> [TRY IT]
The entries should each be set down again precisely.

+ + + + + + +

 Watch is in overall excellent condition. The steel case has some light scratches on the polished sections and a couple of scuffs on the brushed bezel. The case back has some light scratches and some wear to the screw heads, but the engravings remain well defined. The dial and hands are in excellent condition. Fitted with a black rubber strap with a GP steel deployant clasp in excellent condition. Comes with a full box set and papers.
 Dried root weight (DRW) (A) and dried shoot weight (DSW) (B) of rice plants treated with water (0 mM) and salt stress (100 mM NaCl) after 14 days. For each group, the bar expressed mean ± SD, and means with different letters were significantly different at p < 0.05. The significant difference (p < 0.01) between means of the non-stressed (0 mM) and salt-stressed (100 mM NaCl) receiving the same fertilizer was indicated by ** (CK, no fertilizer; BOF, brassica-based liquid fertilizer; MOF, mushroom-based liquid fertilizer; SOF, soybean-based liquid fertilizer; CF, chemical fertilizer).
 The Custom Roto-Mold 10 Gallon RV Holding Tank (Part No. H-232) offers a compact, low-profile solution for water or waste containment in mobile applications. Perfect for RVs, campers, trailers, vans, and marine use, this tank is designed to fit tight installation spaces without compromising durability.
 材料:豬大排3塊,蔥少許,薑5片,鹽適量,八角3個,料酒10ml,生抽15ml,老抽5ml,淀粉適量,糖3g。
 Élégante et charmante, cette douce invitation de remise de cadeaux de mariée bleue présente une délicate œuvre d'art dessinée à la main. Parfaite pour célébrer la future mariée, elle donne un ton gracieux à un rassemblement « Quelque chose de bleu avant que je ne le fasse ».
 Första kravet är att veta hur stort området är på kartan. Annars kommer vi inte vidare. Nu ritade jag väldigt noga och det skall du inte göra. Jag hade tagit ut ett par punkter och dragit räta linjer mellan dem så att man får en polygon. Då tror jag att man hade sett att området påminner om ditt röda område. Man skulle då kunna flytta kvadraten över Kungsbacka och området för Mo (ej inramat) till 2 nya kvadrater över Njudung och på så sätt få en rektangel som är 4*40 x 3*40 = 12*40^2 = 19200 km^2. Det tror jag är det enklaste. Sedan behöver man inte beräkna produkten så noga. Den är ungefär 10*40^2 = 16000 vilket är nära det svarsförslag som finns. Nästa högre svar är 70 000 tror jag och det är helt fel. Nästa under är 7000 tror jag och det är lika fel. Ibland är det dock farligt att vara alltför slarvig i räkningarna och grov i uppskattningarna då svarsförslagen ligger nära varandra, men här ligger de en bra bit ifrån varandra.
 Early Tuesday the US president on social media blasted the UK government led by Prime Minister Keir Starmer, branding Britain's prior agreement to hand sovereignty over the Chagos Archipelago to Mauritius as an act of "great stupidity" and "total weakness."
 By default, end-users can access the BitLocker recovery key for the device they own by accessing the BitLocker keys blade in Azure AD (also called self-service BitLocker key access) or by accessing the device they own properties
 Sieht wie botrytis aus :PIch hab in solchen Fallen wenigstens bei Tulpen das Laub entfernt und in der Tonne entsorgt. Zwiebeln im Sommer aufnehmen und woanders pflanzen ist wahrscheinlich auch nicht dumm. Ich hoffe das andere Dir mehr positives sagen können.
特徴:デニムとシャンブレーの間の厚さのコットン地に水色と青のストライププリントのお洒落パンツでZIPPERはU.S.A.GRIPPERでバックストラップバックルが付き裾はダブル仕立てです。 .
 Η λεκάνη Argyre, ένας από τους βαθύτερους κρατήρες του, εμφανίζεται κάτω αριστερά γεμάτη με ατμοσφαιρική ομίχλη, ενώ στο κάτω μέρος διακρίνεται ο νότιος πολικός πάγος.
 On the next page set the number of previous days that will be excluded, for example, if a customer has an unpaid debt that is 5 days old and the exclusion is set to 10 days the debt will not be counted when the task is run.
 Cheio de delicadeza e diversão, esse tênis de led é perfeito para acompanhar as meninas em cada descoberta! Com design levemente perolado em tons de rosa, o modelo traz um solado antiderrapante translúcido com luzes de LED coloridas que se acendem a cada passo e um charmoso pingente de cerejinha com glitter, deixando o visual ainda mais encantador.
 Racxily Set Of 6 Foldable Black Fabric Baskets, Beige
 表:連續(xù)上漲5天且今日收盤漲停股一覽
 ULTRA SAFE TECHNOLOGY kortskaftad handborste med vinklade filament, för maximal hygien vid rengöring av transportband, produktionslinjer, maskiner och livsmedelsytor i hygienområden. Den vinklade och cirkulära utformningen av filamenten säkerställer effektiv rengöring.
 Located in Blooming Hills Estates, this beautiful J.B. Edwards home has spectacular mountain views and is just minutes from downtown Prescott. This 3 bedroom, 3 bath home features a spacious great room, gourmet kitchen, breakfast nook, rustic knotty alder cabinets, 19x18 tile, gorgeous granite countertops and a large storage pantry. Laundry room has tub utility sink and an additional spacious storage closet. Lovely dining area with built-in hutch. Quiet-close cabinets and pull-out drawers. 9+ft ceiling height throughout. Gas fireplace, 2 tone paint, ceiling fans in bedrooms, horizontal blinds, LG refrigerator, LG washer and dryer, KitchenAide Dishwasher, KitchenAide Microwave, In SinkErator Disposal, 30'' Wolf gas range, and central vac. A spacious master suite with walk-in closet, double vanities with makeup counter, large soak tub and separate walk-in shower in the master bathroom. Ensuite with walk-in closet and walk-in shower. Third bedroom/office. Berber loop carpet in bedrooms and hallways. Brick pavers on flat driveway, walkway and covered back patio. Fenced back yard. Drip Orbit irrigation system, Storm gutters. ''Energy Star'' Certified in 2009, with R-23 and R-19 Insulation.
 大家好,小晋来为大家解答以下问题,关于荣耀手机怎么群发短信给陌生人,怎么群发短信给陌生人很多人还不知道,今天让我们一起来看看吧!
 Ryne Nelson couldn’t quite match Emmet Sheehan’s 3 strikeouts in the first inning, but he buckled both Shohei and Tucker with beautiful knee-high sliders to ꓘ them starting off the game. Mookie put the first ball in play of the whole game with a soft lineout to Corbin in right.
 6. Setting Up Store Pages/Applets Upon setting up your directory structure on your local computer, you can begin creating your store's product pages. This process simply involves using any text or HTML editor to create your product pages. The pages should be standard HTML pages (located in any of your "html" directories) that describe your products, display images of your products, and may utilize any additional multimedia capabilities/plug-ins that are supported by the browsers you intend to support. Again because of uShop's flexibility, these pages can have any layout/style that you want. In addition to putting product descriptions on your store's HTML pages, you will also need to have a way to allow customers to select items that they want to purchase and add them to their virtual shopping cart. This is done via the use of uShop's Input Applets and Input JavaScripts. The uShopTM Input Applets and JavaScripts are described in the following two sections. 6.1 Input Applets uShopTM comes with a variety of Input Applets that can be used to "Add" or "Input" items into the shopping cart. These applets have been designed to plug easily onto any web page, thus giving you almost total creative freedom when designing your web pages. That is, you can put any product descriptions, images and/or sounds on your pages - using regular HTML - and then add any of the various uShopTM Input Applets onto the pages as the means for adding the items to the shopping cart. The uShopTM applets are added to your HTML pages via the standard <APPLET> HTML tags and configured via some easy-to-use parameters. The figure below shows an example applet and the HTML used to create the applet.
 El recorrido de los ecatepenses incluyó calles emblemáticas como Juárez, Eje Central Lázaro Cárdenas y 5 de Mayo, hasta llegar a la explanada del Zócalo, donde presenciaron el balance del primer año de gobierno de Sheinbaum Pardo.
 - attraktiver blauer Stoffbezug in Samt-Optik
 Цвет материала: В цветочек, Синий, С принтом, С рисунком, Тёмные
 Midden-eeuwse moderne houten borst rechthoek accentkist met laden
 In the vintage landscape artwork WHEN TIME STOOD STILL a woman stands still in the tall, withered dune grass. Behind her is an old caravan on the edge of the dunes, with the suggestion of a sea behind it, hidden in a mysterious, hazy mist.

+ + + + + + +

> [COMPLETED TASK]
 Watch is in overall excellent condition. The steel case has some light scratches on the polished sections and a couple of scuffs on the brushed bezel. The case back has some light scratches and some wear to the screw heads, but the engravings remain well defined. The dial and hands are in excellent condition. Fitted with a black rubber strap with a GP steel deployant clasp in excellent condition. Comes with a full box set and papers.
 Dried root weight (DRW) (A) and dried shoot weight (DSW) (B) of rice plants treated with water (0 mM) and salt stress (100 mM NaCl) after 14 days. For each group, the bar expressed mean ± SD, and means with different letters were significantly different at p < 0.05. The significant difference (p < 0.01) between means of the non-stressed (0 mM) and salt-stressed (100 mM NaCl) receiving the same fertilizer was indicated by ** (CK, no fertilizer; BOF, brassica-based liquid fertilizer; MOF, mushroom-based liquid fertilizer; SOF, soybean-based liquid fertilizer; CF, chemical fertilizer).
 The Custom Roto-Mold 10 Gallon RV Holding Tank (Part No. H-232) offers a compact, low-profile solution for water or waste containment in mobile applications. Perfect for RVs, campers, trailers, vans, and marine use, this tank is designed to fit tight installation spaces without compromising durability.
 材料:豬大排3塊,蔥少許,薑5片,鹽適量,八角3個,料酒10ml,生抽15ml,老抽5ml,淀粉適量,糖3g。
 Élégante et charmante, cette douce invitation de remise de cadeaux de mariée bleue présente une délicate œuvre d'art dessinée à la main. Parfaite pour célébrer la future mariée, elle donne un ton gracieux à un rassemblement « Quelque chose de bleu avant que je ne le fasse ».
 Första kravet är att veta hur stort området är på kartan. Annars kommer vi inte vidare. Nu ritade jag väldigt noga och det skall du inte göra. Jag hade tagit ut ett par punkter och dragit räta linjer mellan dem så att man får en polygon. Då tror jag att man hade sett att området påminner om ditt röda område. Man skulle då kunna flytta kvadraten över Kungsbacka och området för Mo (ej inramat) till 2 nya kvadrater över Njudung och på så sätt få en rektangel som är 4*40 x 3*40 = 12*40^2 = 19200 km^2. Det tror jag är det enklaste. Sedan behöver man inte beräkna produkten så noga. Den är ungefär 10*40^2 = 16000 vilket är nära det svarsförslag som finns. Nästa högre svar är 70 000 tror jag och det är helt fel. Nästa under är 7000 tror jag och det är lika fel. Ibland är det dock farligt att vara alltför slarvig i räkningarna och grov i uppskattningarna då svarsförslagen ligger nära varandra, men här ligger de en bra bit ifrån varandra.
 Early Tuesday the US president on social media blasted the UK government led by Prime Minister Keir Starmer, branding Britain's prior agreement to hand sovereignty over the Chagos Archipelago to Mauritius as an act of "great stupidity" and "total weakness."
 By default, end-users can access the BitLocker recovery key for the device they own by accessing the BitLocker keys blade in Azure AD (also called self-service BitLocker key access) or by accessing the device they own properties
 Sieht wie botrytis aus :PIch hab in solchen Fallen wenigstens bei Tulpen das Laub entfernt und in der Tonne entsorgt. Zwiebeln im Sommer aufnehmen und woanders pflanzen ist wahrscheinlich auch nicht dumm. Ich hoffe das andere Dir mehr positives sagen können.
特徴:デニムとシャンブレーの間の厚さのコットン地に水色と青のストライププリントのお洒落パンツでZIPPERはU.S.A.GRIPPERでバックストラップバックルが付き裾はダブル仕立てです。 .
 Η λεκάνη Argyre, ένας από τους βαθύτερους κρατήρες του, εμφανίζεται κάτω αριστερά γεμάτη με ατμοσφαιρική ομίχλη, ενώ στο κάτω μέρος διακρίνεται ο νότιος πολικός πάγος.
 On the next page set the number of previous days that will be excluded, for example, if a customer has an unpaid debt that is 5 days old and the exclusion is set to 10 days the debt will not be counted when the task is run.
 Cheio de delicadeza e diversão, esse tênis de led é perfeito para acompanhar as meninas em cada descoberta! Com design levemente perolado em tons de rosa, o modelo traz um solado antiderrapante translúcido com luzes de LED coloridas que se acendem a cada passo e um charmoso pingente de cerejinha com glitter, deixando o visual ainda mais encantador.
 Racxily Set Of 6 Foldable Black Fabric Baskets, Beige
 表:連續(xù)上漲5天且今日收盤漲停股一覽
 ULTRA SAFE TECHNOLOGY kortskaftad handborste med vinklade filament, för maximal hygien vid rengöring av transportband, produktionslinjer, maskiner och livsmedelsytor i hygienområden. Den vinklade och cirkulära utformningen av filamenten säkerställer effektiv rengöring.
 Located in Blooming Hills Estates, this beautiful J.B. Edwards home has spectacular mountain views and is just minutes from downtown Prescott. This 3 bedroom, 3 bath home features a spacious great room, gourmet kitchen, breakfast nook, rustic knotty alder cabinets, 19x18 tile, gorgeous granite countertops and a large storage pantry. Laundry room has tub utility sink and an additional spacious storage closet. Lovely dining area with built-in hutch. Quiet-close cabinets and pull-out drawers. 9+ft ceiling height throughout. Gas fireplace, 2 tone paint, ceiling fans in bedrooms, horizontal blinds, LG refrigerator, LG washer and dryer, KitchenAide Dishwasher, KitchenAide Microwave, In SinkErator Disposal, 30'' Wolf gas range, and central vac. A spacious master suite with walk-in closet, double vanities with makeup counter, large soak tub and separate walk-in shower in the master bathroom. Ensuite with walk-in closet and walk-in shower. Third bedroom/office. Berber loop carpet in bedrooms and hallways. Brick pavers on flat driveway, walkway and covered back patio. Fenced back yard. Drip Orbit irrigation system, Storm gutters. ''Energy Star'' Certified in 2009, with R-23 and R-19 Insulation.
 大家好,小晋来为大家解答以下问题,关于荣耀手机怎么群发短信给陌生人,怎么群发短信给陌生人很多人还不知道,今天让我们一起来看看吧!
 Ryne Nelson couldn’t quite match Emmet Sheehan’s 3 strikeouts in the first inning, but he buckled both Shohei and Tucker with beautiful knee-high sliders to ꓘ them starting off the game. Mookie put the first ball in play of the whole game with a soft lineout to Corbin in right.
 6. Setting Up Store Pages/Applets Upon setting up your directory structure on your local computer, you can begin creating your store's product pages. This process simply involves using any text or HTML editor to create your product pages. The pages should be standard HTML pages (located in any of your "html" directories) that describe your products, display images of your products, and may utilize any additional multimedia capabilities/plug-ins that are supported by the browsers you intend to support. Again because of uShop's flexibility, these pages can have any layout/style that you want. In addition to putting product descriptions on your store's HTML pages, you will also need to have a way to allow customers to select items that they want to purchase and add them to their virtual shopping cart. This is done via the use of uShop's Input Applets and Input JavaScripts. The uShopTM Input Applets and JavaScripts are described in the following two sections. 6.1 Input Applets uShopTM comes with a variety of Input Applets that can be used to "Add" or "Input" items into the shopping cart. These applets have been designed to plug easily onto any web page, thus giving you almost total creative freedom when designing your web pages. That is, you can put any product descriptions, images and/or sounds on your pages - using regular HTML - and then add any of the various uShopTM Input Applets onto the pages as the means for adding the items to the shopping cart. The uShopTM applets are added to your HTML pages via the standard <APPLET> HTML tags and configured via some easy-to-use parameters. The figure below shows an example applet and the HTML used to create the applet.
 El recorrido de los ecatepenses incluyó calles emblemáticas como Juárez, Eje Central Lázaro Cárdenas y 5 de Mayo, hasta llegar a la explanada del Zócalo, donde presenciaron el balance del primer año de gobierno de Sheinbaum Pardo.
 - attraktiver blauer Stoffbezug in Samt-Optik
 Цвет материала: В цветочек, Синий, С принтом, С рисунком, Тёмные
 Midden-eeuwse moderne houten borst rechthoek accentkist met laden
 In the vintage landscape artwork WHEN TIME STOOD STILL a woman stands still in the tall, withered dune grass. Behind her is an old caravan on the edge of the dunes, with the suggestion of a sea behind it, hidden in a mysterious, hazy mist.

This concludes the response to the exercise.